What is being asked: In the entries below, locate the line with "マン・オブ・ザ・マッチに選ば", then give again that line and all lines after it, exactly, with pictures omitted.

++++ Records provided

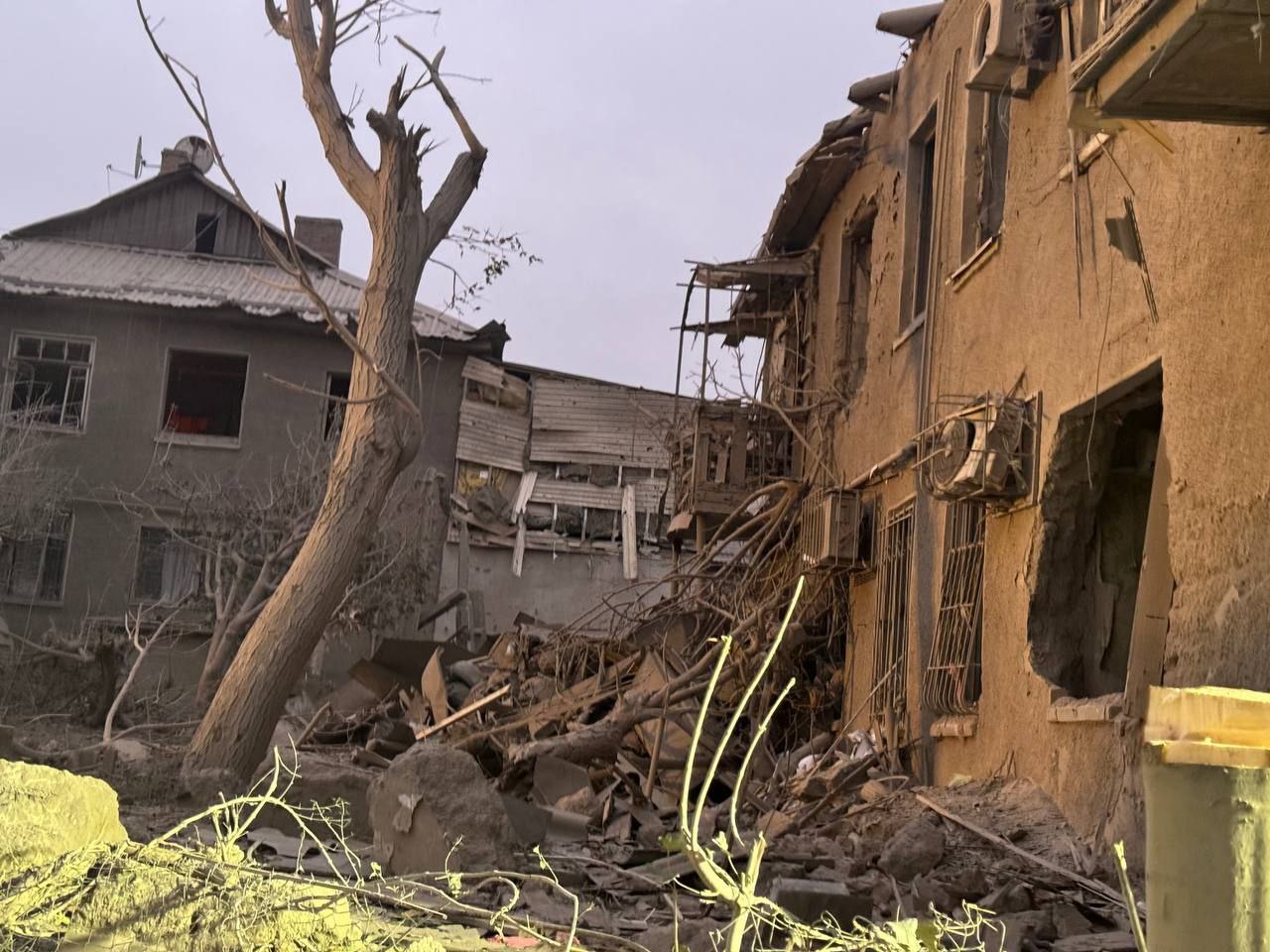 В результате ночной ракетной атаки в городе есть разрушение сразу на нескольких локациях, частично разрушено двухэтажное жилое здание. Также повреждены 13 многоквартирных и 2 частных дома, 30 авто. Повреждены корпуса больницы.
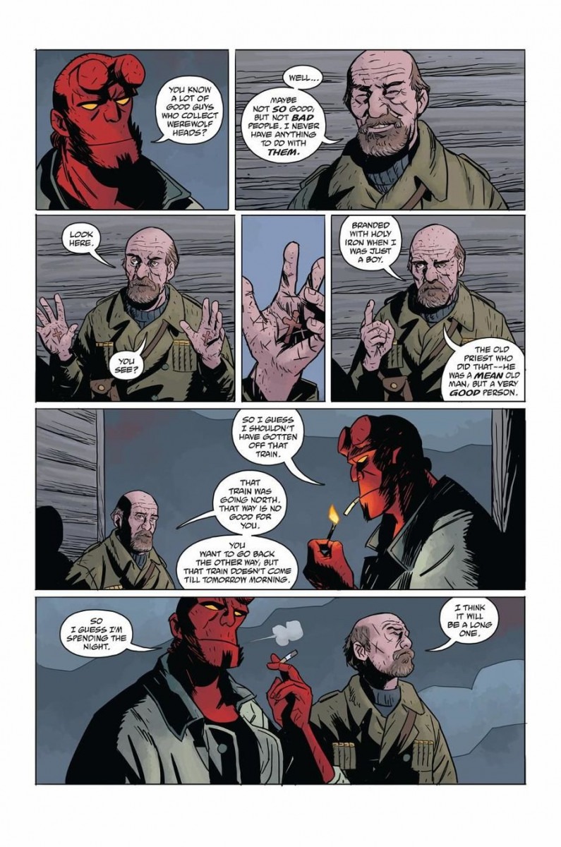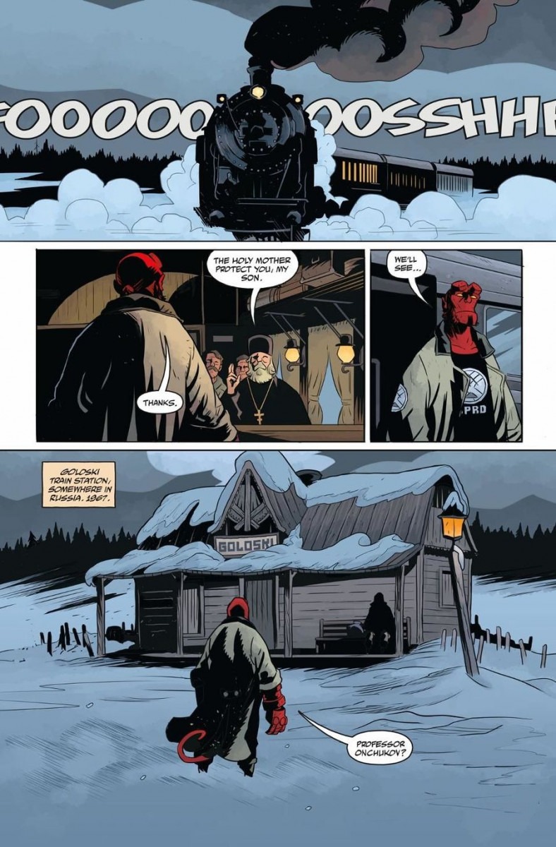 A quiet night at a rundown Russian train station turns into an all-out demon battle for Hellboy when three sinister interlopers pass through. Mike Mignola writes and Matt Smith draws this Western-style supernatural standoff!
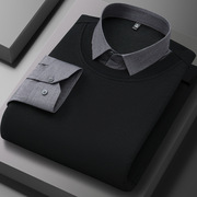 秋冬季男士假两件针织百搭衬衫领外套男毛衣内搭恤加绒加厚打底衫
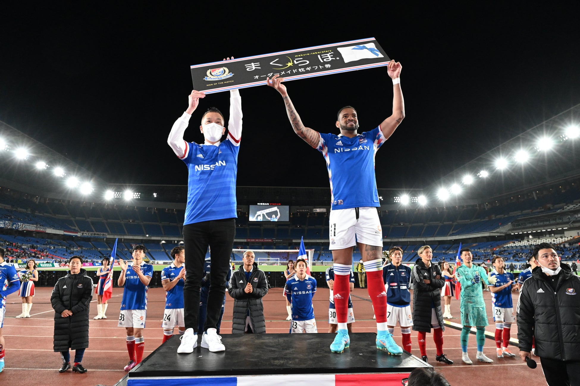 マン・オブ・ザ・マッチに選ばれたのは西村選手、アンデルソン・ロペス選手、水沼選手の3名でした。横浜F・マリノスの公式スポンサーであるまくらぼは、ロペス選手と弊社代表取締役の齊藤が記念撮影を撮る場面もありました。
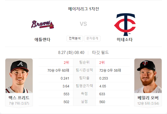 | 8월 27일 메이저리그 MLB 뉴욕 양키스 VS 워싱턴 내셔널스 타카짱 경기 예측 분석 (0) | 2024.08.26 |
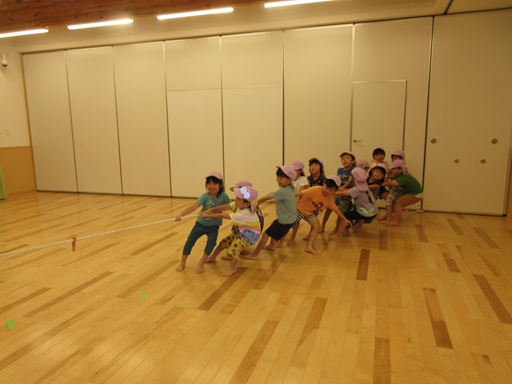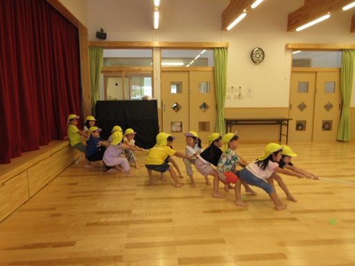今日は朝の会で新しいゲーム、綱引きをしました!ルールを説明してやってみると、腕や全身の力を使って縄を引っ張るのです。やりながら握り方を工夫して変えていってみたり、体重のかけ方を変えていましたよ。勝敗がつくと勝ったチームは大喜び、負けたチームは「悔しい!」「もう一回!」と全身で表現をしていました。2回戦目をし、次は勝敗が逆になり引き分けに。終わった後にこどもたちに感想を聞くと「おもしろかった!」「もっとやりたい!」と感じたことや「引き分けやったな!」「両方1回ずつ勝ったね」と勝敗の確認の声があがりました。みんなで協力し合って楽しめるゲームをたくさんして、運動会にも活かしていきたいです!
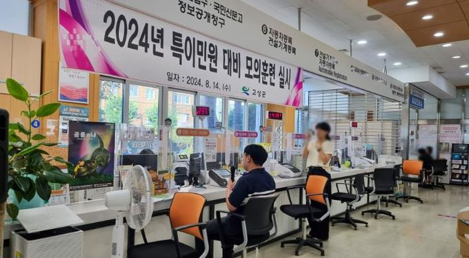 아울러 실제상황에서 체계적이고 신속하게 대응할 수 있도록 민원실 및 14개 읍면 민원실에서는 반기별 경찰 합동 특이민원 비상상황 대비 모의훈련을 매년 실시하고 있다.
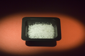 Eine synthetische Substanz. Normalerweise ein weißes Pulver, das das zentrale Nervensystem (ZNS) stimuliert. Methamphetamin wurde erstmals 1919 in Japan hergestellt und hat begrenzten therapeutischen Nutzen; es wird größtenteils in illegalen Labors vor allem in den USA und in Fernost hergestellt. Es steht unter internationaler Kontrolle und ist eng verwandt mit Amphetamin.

++++++++

Solution:
 マン・オブ・ザ・マッチに選ばれたのは西村選手、アンデルソン・ロペス選手、水沼選手の3名でした。横浜F・マリノスの公式スポンサーであるまくらぼは、ロペス選手と弊社代表取締役の齊藤が記念撮影を撮る場面もありました。
 | 8월 27일 메이저리그 MLB 뉴욕 양키스 VS 워싱턴 내셔널스 타카짱 경기 예측 분석 (0) | 2024.08.26 |
今日は朝の会で新しいゲーム、綱引きをしました!ルールを説明してやってみると、腕や全身の力を使って縄を引っ張るのです。やりながら握り方を工夫して変えていってみたり、体重のかけ方を変えていましたよ。勝敗がつくと勝ったチームは大喜び、負けたチームは「悔しい!」「もう一回!」と全身で表現をしていました。2回戦目をし、次は勝敗が逆になり引き分けに。終わった後にこどもたちに感想を聞くと「おもしろかった!」「もっとやりたい!」と感じたことや「引き分けやったな!」「両方1回ずつ勝ったね」と勝敗の確認の声があがりました。みんなで協力し合って楽しめるゲームをたくさんして、運動会にも活かしていきたいです!
 아울러 실제상황에서 체계적이고 신속하게 대응할 수 있도록 민원실 및 14개 읍면 민원실에서는 반기별 경찰 합동 특이민원 비상상황 대비 모의훈련을 매년 실시하고 있다.
 Eine synthetische Substanz. Normalerweise ein weißes Pulver, das das zentrale Nervensystem (ZNS) stimuliert. Methamphetamin wurde erstmals 1919 in Japan hergestellt und hat begrenzten therapeutischen Nutzen; es wird größtenteils in illegalen Labors vor allem in den USA und in Fernost hergestellt. Es steht unter internationaler Kontrolle und ist eng verwandt mit Amphetamin.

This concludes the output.